Your adductors, the muscles running along your inner thigh, also play a supporting role. According to Cleveland Clinic, the adductors are among the key muscle groups strengthened by lunges. They help pull your thigh back toward the midline during each step and prevent your knee from caving inward, particularly when fatigue sets in.
Core and Lower Back Engagement
Walking lunges demand constant trunk stabilization. Your erector spinae, the muscles running along either side of your spine, work continuously to keep your torso upright as your lower body moves through each step. Cleveland Clinic notes that you should expect to feel some effort on either side of the spine during lunges because these muscles are working hard to maintain posture. Your deep abdominal muscles co-contract with the spinal extensors to prevent excessive forward lean or side-to-side sway, especially under load. This makes walking lunges a surprisingly effective core exercise compared to machine-based leg movements that support your trunk for you.
How Walking Lunges Differ From Static Lunges
The defining feature of a walking lunge is horizontal momentum. When you step forward and lower your body, you have to decelerate that forward motion while simultaneously controlling your descent. A static (or split) lunge removes this variable because your feet stay planted. Research comparing forward and backward lunges found that the forward stepping motion significantly increases activation of the inner quad and produces higher ground reaction forces, meaning your muscles absorb more impact and do more total work per rep.
Walking lunges also require you to generate force to propel yourself into the next step rather than simply standing back up in place. This makes the concentric (pushing) phase more demanding on the glutes and quads. The continuous movement also keeps your heart rate higher than a stationary variation, adding a mild cardiovascular component when performed for longer sets.
Calves and Ankle Stabilizers
Your soleus and gastrocnemius (the two main calf muscles) work throughout the movement to stabilize your ankle and control your shin angle. The back foot pushes off through the toes during each transition, which loads the calf on that side. Meanwhile, the front foot’s calf muscles work isometrically to keep your ankle stable as you absorb your body weight. The smaller muscles around the ankle, including the peroneals on the outer shin, also contribute to balance during the single-leg phase.

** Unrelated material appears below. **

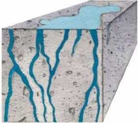 Вещество добавки оседает на внутренних стенках капилляров и при взаимодействии с любым количеством влаги, кристаллизуется и закупоривает проход для воды. Таким образом, трещины или пустоты заполняются, делая невозможным дальнейшее разрушение. Бетон перестает пропускать влагу, что предотвращает вымывание извести из бетона, сохраняя его прочность.
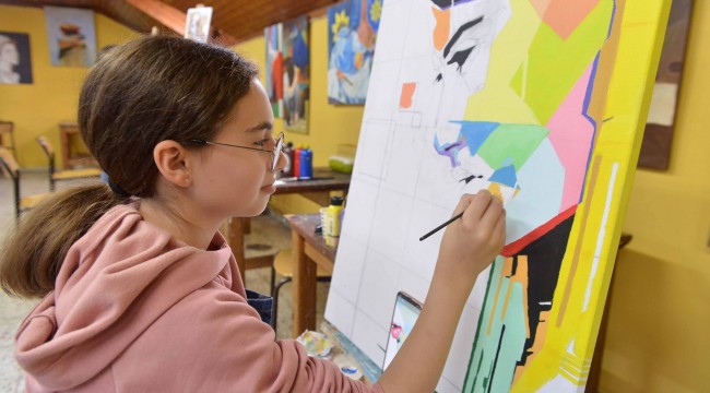 Minik ressamlar tuval başında

How Stride Length Shifts the Work
You can change which muscles work hardest by adjusting your step distance. A shorter stride keeps your torso more upright and your shin more vertical, which emphasizes the quads. A longer stride increases hip flexion depth and shifts more of the load to the glutes and hamstrings. Most people benefit from a moderate stride where the front knee tracks over the ankle at the bottom position, which balances the workload across the primary muscle groups.
Holding dumbbells at your sides increases overall load without dramatically changing which muscles are emphasized. Holding a single weight on the side opposite your front leg, called a contralateral carry position, significantly boosts gluteus medius activation because the hip stabilizer has to work against the asymmetric load pulling you sideways. A barbell on the back shifts more demand to the spinal erectors and core because the load sits farther from your center of mass.